In this and some of the following posts, I’ll be trying something a little bit different (and a little more aligned with the original intent of this site). I’m going to be writing about perceptrons and the perceptron learning algorithm. The perceptron learning algorithm was developed by Frank Rosenblatt in the late 1950s, making it one of the oldest machine learning algorithms.
I’m tentatively planning four posts on this topic: the first will provide some background and context, explaining what the “perceptron” is and what motivated its development. The second will explore Rosenblatt’s original papers on the topic, with their focus on learning machines, automata, and artificial intelligence; the third will address the criticisms made by Marvin Minsky and Seymour Papert in their 1969 book Perceptrons: an Introduction to Computational Geometry; and the fourth will discuss a few contemporary uses of perceptrons. Illustrative
R code will be provided throughout.
There are all kinds of interesting classification methods out there, many of them more sophisticated and more widely-used than the perceptron learning algorithm. Why, then, would anyone want to read about – or write about – the perceptron? I have a few different reasons:
- The perceptron helps to explain some of the biological (“neural networks”) and artificial intelligence (“learning”) metaphors and analogies so often used in discussions of classification algorithms.

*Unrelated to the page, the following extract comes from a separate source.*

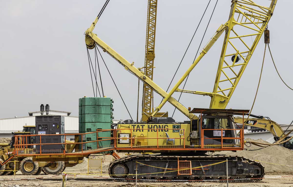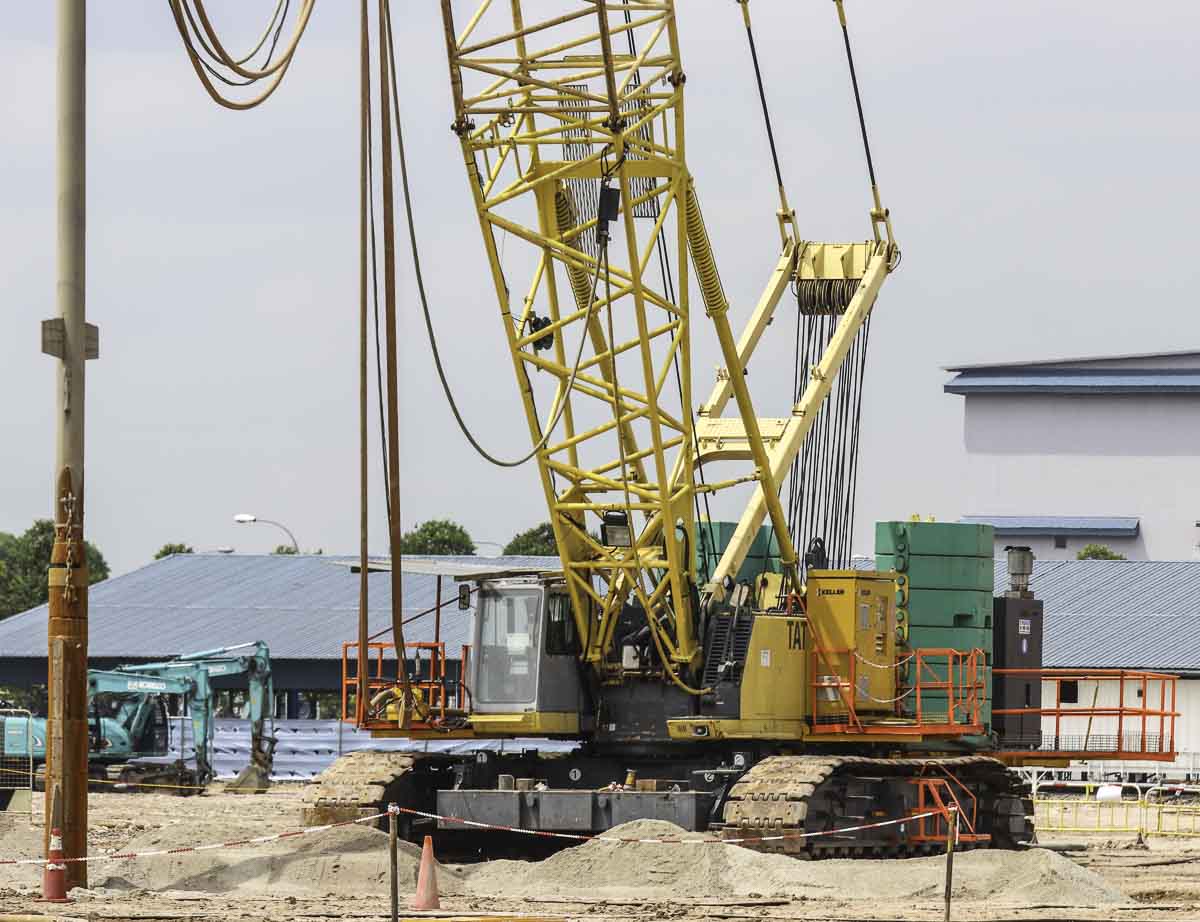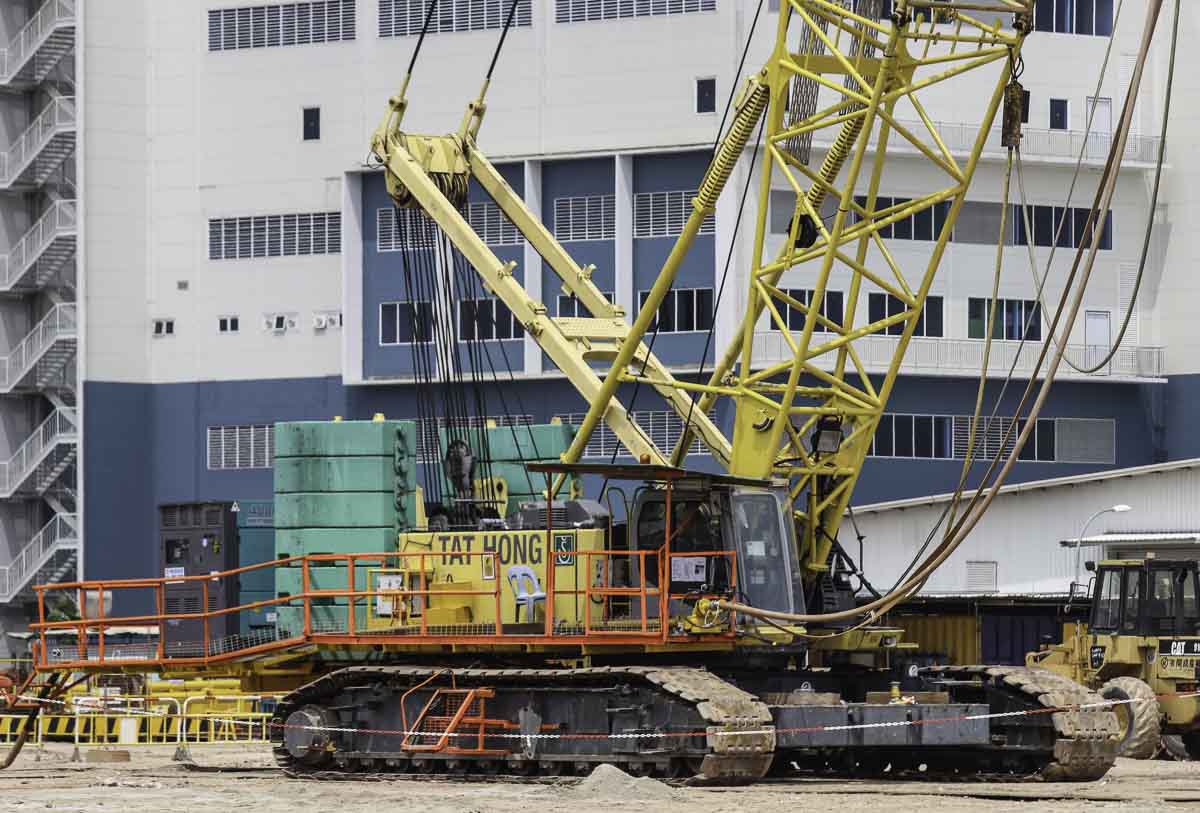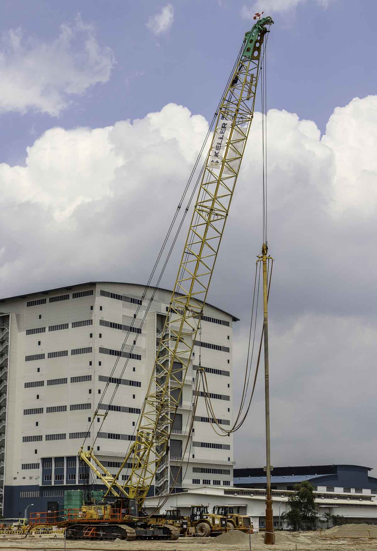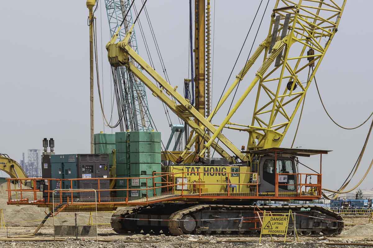 Dieser schöne Hitachi Sumitomo SCX2000A-2 von Tat Hong aus Singapur (SG) wurde zusammen mit einem Kobelco CKE2500-2 und einem Kobelco 7120S auf einer Baustelle zur dynamische Bodenverdichtung eingesetzt.

- It is historically interesting and important. The perceptron, at first, seemed to promise a future of brilliant learning machines with unlimited potential. Later criticisms of the perceptron, however, were at least partially responsible for the “AI Winter,” a period of time in which funding and research interest in AI were greatly diminished.
- The perceptron is far from irrelevant in contemporary practice. Even if the simple perceptron learning algorithm is generally no longer a part of one’s classification toolkit, some of the general ideas behind it are foundational to a wide range of classification techniques. It can provide some background to a wide range of topics, including linear separability, linear classifiers, and feedforward neural networks.